How approximate {X[z],Y[z]} functions as Bézier cubic

Question

A user has smooth mathematical functions X[z] and Y[z] which define a smooth path over a range of z. My use case is that these functions define an Archimedes spiral, but the question can be more general. The functions, or the range of z, might refer to other control parameters, known to your code, but yet known here. Most especially in PostScript, but perhaps more generally, how can such a path be best and simply approximated with a Bézier cubic?

Similar content to this was posted on comp.lang.postscript in February 2019. In late 2023 google announced that Google Groups would soon to cease providing write access to Usenet, and it seemed plausible that read access would later be lost. So I asked on StackExchange/Meta, copied to comp.lang.postscript, whether such questions should be ported across, and the nobody said not.

Answer 1

One way to make this path is to loop over small steps of z, and moveto lineto lineto … lineto. That’s inelegant, and can make a ‘heavy’ PDF, and if the curve must appear smooth even if very zoomed, so tiny steps of z, a very a heavy PDF. Ick!

Assume that the path is not complicated, in the sense that it could be plausibly shown as a single Bézier cubic. (If the curve is complicated, that might be fixable by breaking it into smaller pieces.) Given some optimisation effort, a good Bézier curve could perhaps be found.

But if generating the Bézier within PostScript (because the other control parameters are variables in PostScript), this heavy optimisation might not be possible, and happily, can be avoided.

A Bézier cubic has eight parameters, in PostScript two from the currentpoint, and six from the stack. Constraints:

• Go through endpoints (four parameters);
• At endpoints, tangent angles correct (two parameters); and
• At endpoints, curvatures correct (two parameters).

Written has been a function ApproximatingCurve that takes values, for both endpoints, of X[z] and Y[z], and their first and second derivatives. For many possible cases, these should be readily codeable.
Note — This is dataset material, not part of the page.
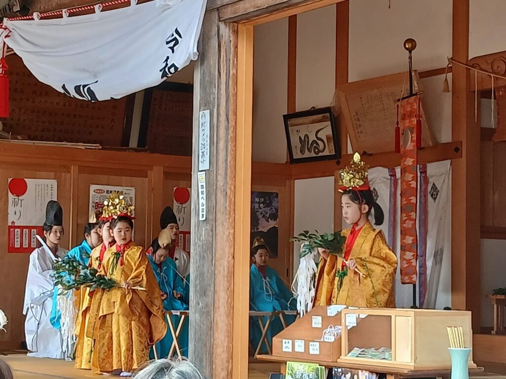 まず奉納された巫女舞では、境内がすっと静まり返った。華やかさを競う祭りではない。鈴の音と所作の一つ一つが、春を迎える土地の祈りそのもののように感じられた。

Quartic polynomials are then solved to deduce the end-point speeds, and ApproximatingCurve leaves on the stack the middle two control points of the cubic Bézier. This Bézier curve goes through the end points, with matching tangents, and matching local curvatures.

Examples output: .pdf, which was distilled from .ps. The latest version of the function is in github.com/jdaw1/placemat/blob/main/PostScript/placemat.ps (search for “/ApproximatingCurve”).

In the output the green line is the correct moveto lineto … lineto mathematical curve; the thin black is the Bézier cubic approximation. For all examples except the spirals, the black line is a single cubic Bézier; for the spirals there is one cubic Bézier per 60° piece.

In many of the examples, the Bézier is a very close approximation to the desired curve. In a few, it’s awful.

Let’s discuss one of these examples in more detail: the part circle (which has an even better answer in PostScript circles: how accurate, how improve?). If drawing an arc in PostScript with the operators arc or arcn, these render a 90° unit-radius arc as a single Bézier, with a ‘speed’ (distance from end control points to adjacent inner control points) of 0.552 (which isn’t quite identical to the limit of the speeds as the angle tends to 90°, so has likely been coded as a special case). This speed of 0.552 results in an error in the radius between −0.0151% and +0.0212%. Not bad. ApproximatingCurve chooses a speed of ≈0.54858, being (√7 − 1)/3, which results in an error in the radius between zero and −0.196% (one part in 509.5). Not bad, but worst error is about 9× worse than the Adobe’s optimised special case. Of course, a curve that spans less than 90° has a less-bad worst error, the error dropping slightly better than sixth power of the angle spanned. E.g., a 45° piece has a worst error in the radius of −0.0029%, one part in 34253.8, better than the 90° error by a factor of about 67.2.

These errors are errors in the cubic Bézier. But the Bézier curve itself is not perfectly rendered to screen or page: errors come from the flatness coefficient used in de Casteljau’s algorithm; and from physical imperfections such as the speed of the rollers. Given these, for an Archimedes spiral it surely suffices to choose a 60° piece, the Bézier curve of which has a worst error of about one part in 6012.8.

Finally, this algorithm — preserving curvature — is not scale invariant if the X and Y scalings differ. But the game isn’t to minimise anything like ∫(Y[X]−YY[X])²∂X; instead, the aim is to make a Bézier curve which ‘looks like’ the actual function. And that desideratum is not scale invariant: things look different at different aspect ratios. So this non-invariance is a ‘feature’ rather than a ‘bug’.

Also see How does 'arc' work?, Nov 2013, on comp.lang.postscript.